Just Read: Peeing in Peace: What we need to know about designing healthy spaces in health care

This 48 page guide was written by the Transgender Law Center (@TransLawCenter) in 2005 (!) about the issue of bathrooms in public spaces.

Because our world famous Innovation Consultancy (@KPInnovation) and facilities team is getting together at our world famous Garfield Center (@KPGarfield), I’m going right to the solutions. They are as relevant today as they were 10 years ago, before there was hope that health care would listen.

Single-Stall Gender-Neutral Bathrooms

Gender-neutral bathrooms are a great way to dramatically increase people’s bathroom safety. If a bathroom is not divided into “men’s” and “women’s” facilities, nobody using that bathroom would go in with stereotypical expectations about who else should be in there or how they should look. This would really improve the whole bathroom experience for a lot of transgender folks.

After all, the single-stall bathrooms in our homes don’t have a “male” or “female” sign on them. So, gender-neutral single-stall bathrooms are not really very different from the bathrooms that we use in our homes.

And… this is the law in Washington, DC, although not yet in California (I’m always shocked when I see them there – tick,tock). Being ahead of things on this coast has shown this to be an effective, empowering, safety-supporting intervention. No reason not to do it.

Multi-Stall Gender-Neutral Bathrooms

This is the new frontier in 2015, and actually, it’s not a frontier anymore for the most modern businesses. I have even posted a collection of images of multi-stall gender neutral bathrooms. We’ve temporarily turned the multi-stall bathrooms where I work into gender neutral bathrooms. With no ill effects.

If there’s a place to innovate in facilities, this is it.

As written in 2005, this is an innovation that’s less society-leading and stereotype shattering and more humane, common-sense, and probably money saving:

By eliminating the whole idea that one bathroom is for men and one is for women, we would be able to get rid of the stereotypical expectations that cause so much trouble. No one would feel like they were in the wrong bathroom or that they could make someone else feel unwelcome simply because that person did not look the right way. Parents could keep an eye on their children and people who need assistance using the bathroom would be able to get that assistance from any family member or attendant.

Most existing bathrooms would not need significant physical alterations. Urinals could be made more private by being placed inside a stall. And as new buildings are being constructed, the demand for gender-neutral bathrooms could also result in small changes to increase privacy. For instance, stall doors could be built taller and extend closer to the ground. Locks on stall doors could be made stronger and more functional.

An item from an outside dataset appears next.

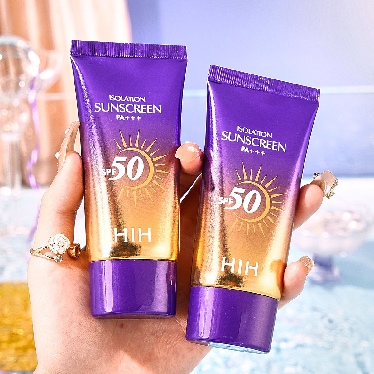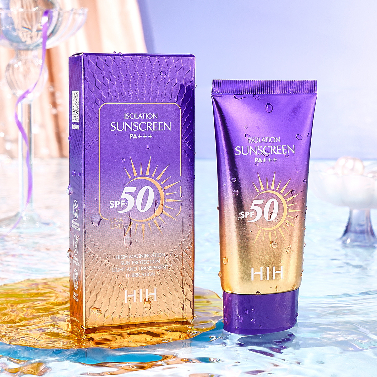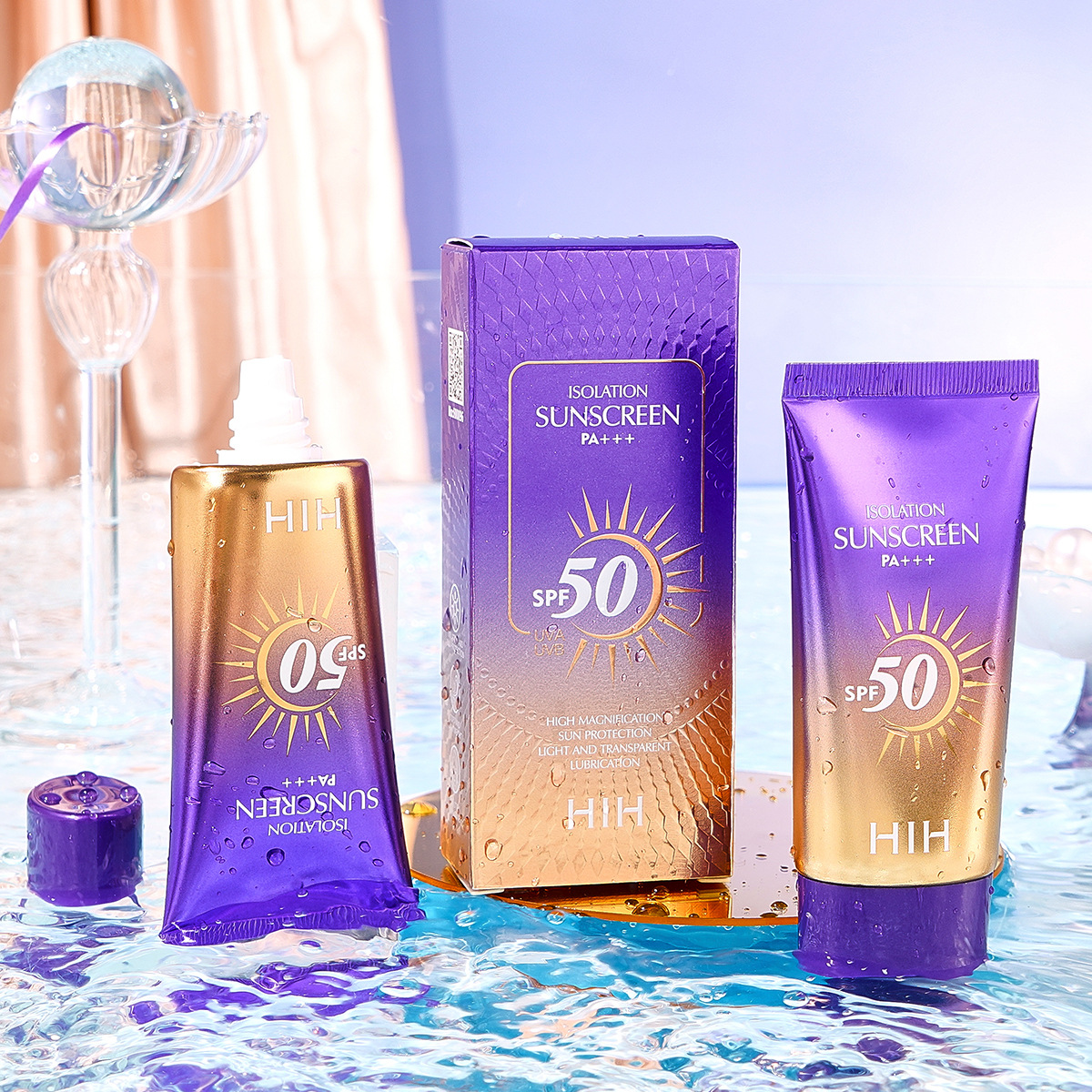HIH隔离防晒乳SPF50 PA+++防水防汗防紫外线持久美白防晒霜三合一

Again, this is already being done here in Washington, DC, and in other places on the east coast. Not hard to find examples. See this series of photos I took of one such bathroom: Innovation, Respect, Safety, Beauty: Multistall gender neutral bathrooms at The Coupe DC

Gender-Neutral Bathrooms on Alternating Floors

In large buildings with a lot of multi-stall bathrooms, making the bathrooms on every other floor gender-neutral helps to create safety. It requires no new construction and no cost to business owners except the price of new signs.

The Why

There are tons of information online about the issue of safe bathrooms. This article quotes a rate of 50% of harassment or assault in a public bathroom (2002 study by San Francisco Human Rights Commmission). A more recent study by the Williams Institute quotes 18% denial of access to a gender segregated public-bathroom, 68% harrassment, 9% assault. Time Magazine did a nice review recently: Everything You Need to Know About the Debate Over Transgender People and Bathrooms | TIME

More data, tons of more data

There’s a very nice review of the history of building codes that show that the idea of gendered bathrooms in the first place is a historical accident: The Biggest Obstacle to Gender Neutral Bathrooms? Building Codes. – Reason.com.

This might help you if you are in the facilities design and building business. Let me know in the comments if it did help you so I might pass it on to others in your field.

The team from the iconic Fenway Institute (@FenwayHealth) just published a paper in Milbank Quarterly* Legal Protections in Public Settings: A Critical Public Health Issue for Transgender and Gender-Nonconforming People about the health impacts of discrimination in access to public accommodation. There are many.

*And it’s just impressive in 2015 to see publications from organizations like @MilbankFund covering this issue.

Here’s an image that may help.

Get Yelled at, Get Beat up
Source: I’m sorry I’m crying but the sun is touching me : Photo

And one with a little humor attached:

Transgender Bathroom Awareness Poster lgbtplusbristol 50079
Transgender Bathroom Awareness Poster lgbtplusbristol (View on Flickr.com)

But really, this isn’t funny.

Safe bathroom access is not a luxury or a special right. Without safe access to public bathrooms, transgender people are denied full participation in public life.